I'm not totally familiar with the Serfas brand but 500 lumens should be adequate, especially if you have a bar and helmet mount. Be sure to check the flood of each lamp to see if it meets your needs. You'll want something with a wider beam for the bar rather than a spot. Also, wattage and lumens are totally different units. Wattage is simply the power requirement to run the lamp where as lumens are an actual measurement of light output. I've used a NightRider 350 and it kicks ass. The 600 is even better. Good luck.


----------



## Der Juicen (Oct 7, 2010)

I have heard that as the battery gets low the light starts to dim. This would not be good out on a ride that might have some technical stuff towards the end of the ride.

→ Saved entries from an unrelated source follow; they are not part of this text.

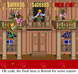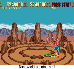 • Ninja!Favorite Boss: Chief Scalpem/Wigwam is the weirdest kind of racist. He’s a Native American “savage” like you’d cringingly expect to see in your average Western, but in this case, “savage” equals “ninja”, so he flies around like Rolento tossing knives all over the place. I am not familiar with that particular stereotype.
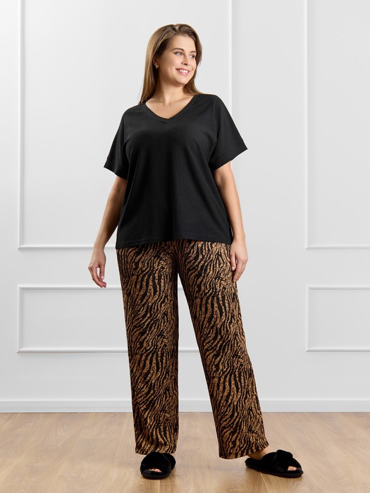 Брюки женские из трикотажного полотна «бурумчук» (шелковый креп) с набивным рисунком, прямого кроя, свободные, с карманами в боковых швах, на притачном поясе с эластичной тесьмой внутри.
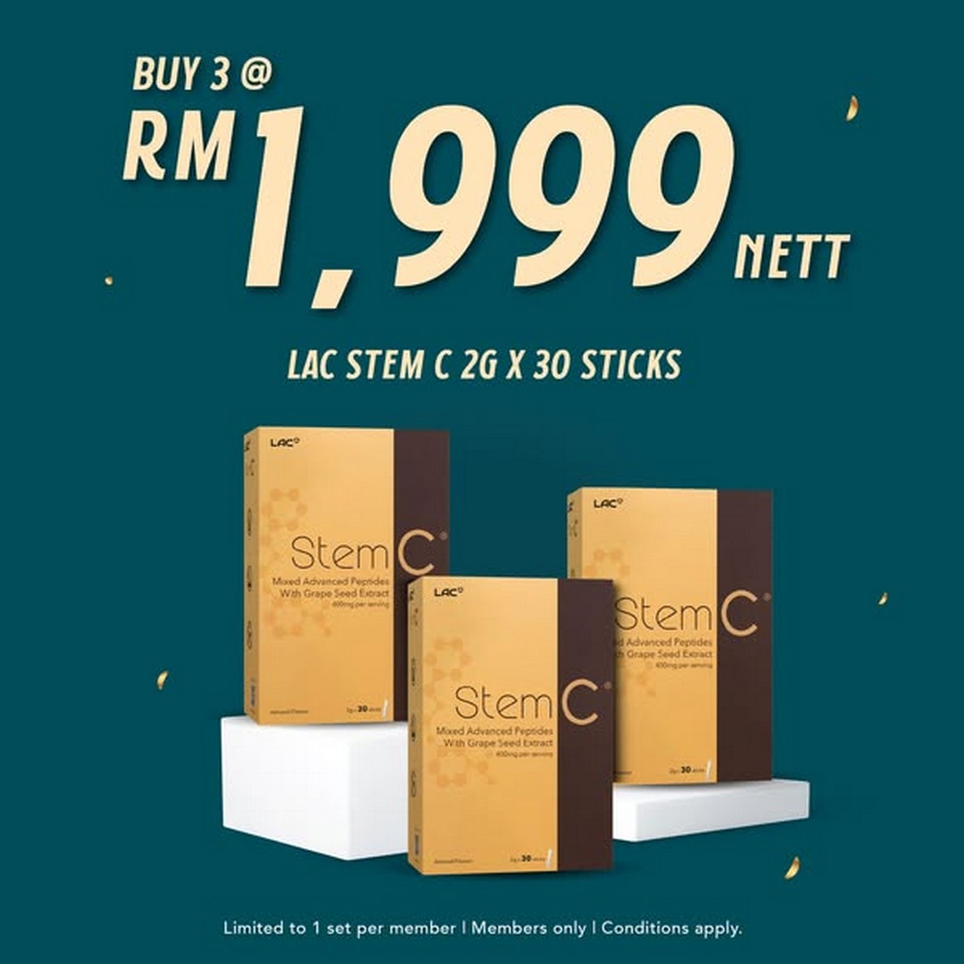 Another highlight is the LAC Stem C promotion, where shoppers can buy 3 LAC Stem C for just RM1,999 nett. This premium formulation is one of LAC’s most popular products, known for supporting skin rejuvenation and overall wellness. Usually, Stem C comes at a higher price due to its high-quality ingredients, but this bundle deal is a solid opportunity for regular users to restock at a lower cost, or for new customers to finally give it a try.
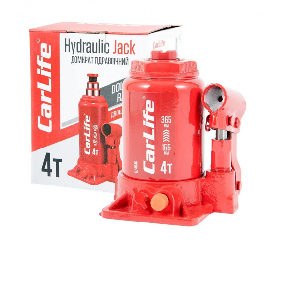 Домкрат гідравлічний 2-х штоковий 4т висота 365/155mm коробка "Carlife" BJ404D
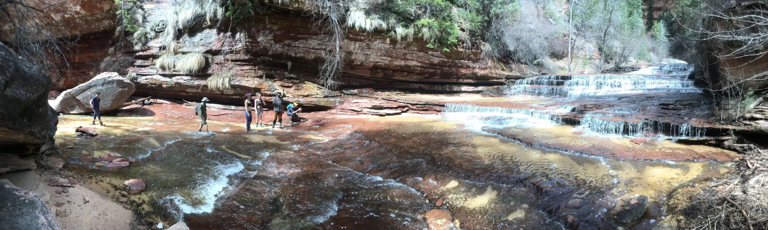 I genuinely loved this portion of the hike. The thousands of small waterfalls cascading down the pancake-like red shale made every step precarious but satisfying. I wish we had a picture of my favorite portion, the steepest subsection of this second stage. The rest of our crew took the trail. I couldn’t help myself. I needed to climb this gorgeous stack of red rock. I needed to touch it, be a part of it. I felt the implicit peer pressure pulling at me, but the pull of the falls was stronger. Much stronger. I made the right choice.

I couldnt even get through my regular 2 hour night ride with one of them.


----------



## Francis Cebedo (Aug 1, 1996)

Review is here with a very flat lumen/hour graph.

It's a great light!!!

Serfas True 500 - 2012 Mtbr Lights Shootout | Mountain Bike Review

fc


----------



## scooby214 (Oct 15, 2011)

I don't have the 500, but I do have the True 250. It doesn't dim as the battery runs low. The 250 has a slightly tighter beam than the 500, which works well for me when I commute. I tried out the 250 and the 500 side by side at the shop, and found the 500 to appear to have a noticeably wider beam than the 250. The beam was very even.

You can get much better battery life by running it on the next to the highest setting. There is little difference between the highest "overdrive" setting and the next level down, which Serfas calls "high" setting. I usually run mine on that "high" setting.


----------



## il2mb (Jan 27, 2005)

Picked up the True 500 at the 24hrs of Moab. I use it on the helmet as my backup light. Beam pattern is very good - not too narrow but also not that wide. I've built a lot of DIY lights and prefer those over the manufacturers. However, the true 500 is one of the best self-contained lights I've seen. Be sure to check out the beam pattern before buying. I like a nice even beam pattern without any visible halo or doughnut pattern. I had the seller open and verify 3 lights before I found one with a nice even pattern.


----------



## foot hill (Oct 16, 2006)

For what it's worth!
I just purchased a small $40 serfas usb rechargeable commuter light. (raider) And am very impressed with its quality.


----------



## TiGeo (Jul 31, 2008)

Do you think from your experience that you could ride with 2 (that's it)?


----------



## Baja Designs (Aug 3, 2010)

il2mb said:


> Picked up the True 500 at the 24hrs of Moab. I use it on the helmet as my backup light. Beam pattern is very good - not too narrow but also not that wide. I've built a lot of DIY lights and prefer those over the manufacturers. However, the true 500 is one of the best self-contained lights I've seen. Be sure to check out the beam pattern before buying. I like a nice even beam pattern without any visible halo or doughnut pattern. I had the seller open and verify 3 lights before I found one with a nice even pattern.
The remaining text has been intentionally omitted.